The data:
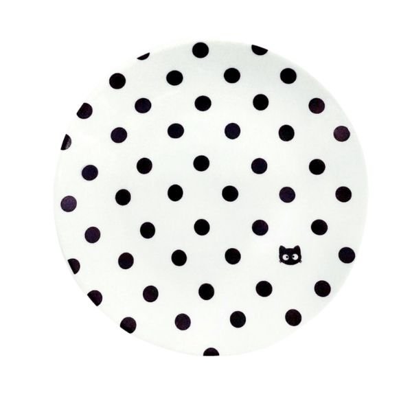 BLACK POLKA DOT CAT CERAMIC PLATE
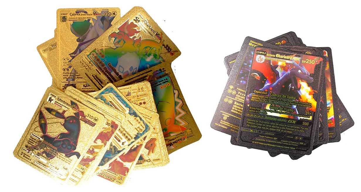 Cartas Pokemon, 110 cartas Pokemon: 55 douradas, 55 pretas, cartas Pokemon PVC
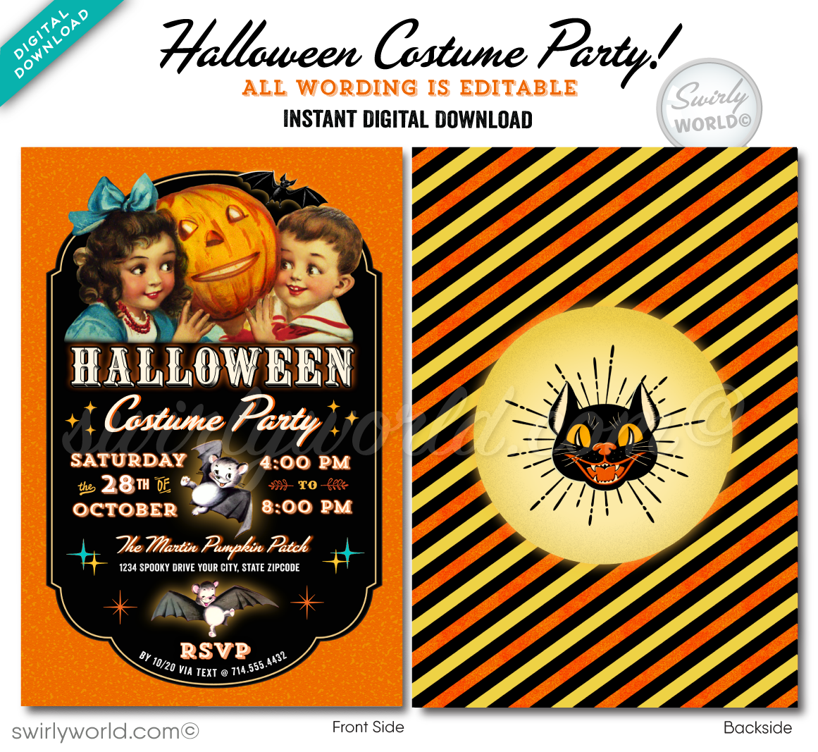 Transport yourself to an enchanting realm of nostalgia with our captivating digital download: the SPOOKTACULAR 1950s-inspired mid-century Vintage Halloween invitation and envelope set. These invitations are designed to infuse your event with the irresistible charm of a retro-themed bash. Picture a pair of cherubic characters beaming as they cradle a cheerful pumpkin, encircled by endearing anthropomorphic bats and an utterly adorable, mischievously cute black cat. If you have a soft spot for the timeless elegance of the classic 1940s-50s aesthetic, this Halloween invitation is an essential addition to your collection.

About this task:
None of the pictures should appear; copy the rest of the material above exactly.

Exercise answer:
 BLACK POLKA DOT CAT CERAMIC PLATE
 Cartas Pokemon, 110 cartas Pokemon: 55 douradas, 55 pretas, cartas Pokemon PVC
 Transport yourself to an enchanting realm of nostalgia with our captivating digital download: the SPOOKTACULAR 1950s-inspired mid-century Vintage Halloween invitation and envelope set. These invitations are designed to infuse your event with the irresistible charm of a retro-themed bash. Picture a pair of cherubic characters beaming as they cradle a cheerful pumpkin, encircled by endearing anthropomorphic bats and an utterly adorable, mischievously cute black cat. If you have a soft spot for the timeless elegance of the classic 1940s-50s aesthetic, this Halloween invitation is an essential addition to your collection.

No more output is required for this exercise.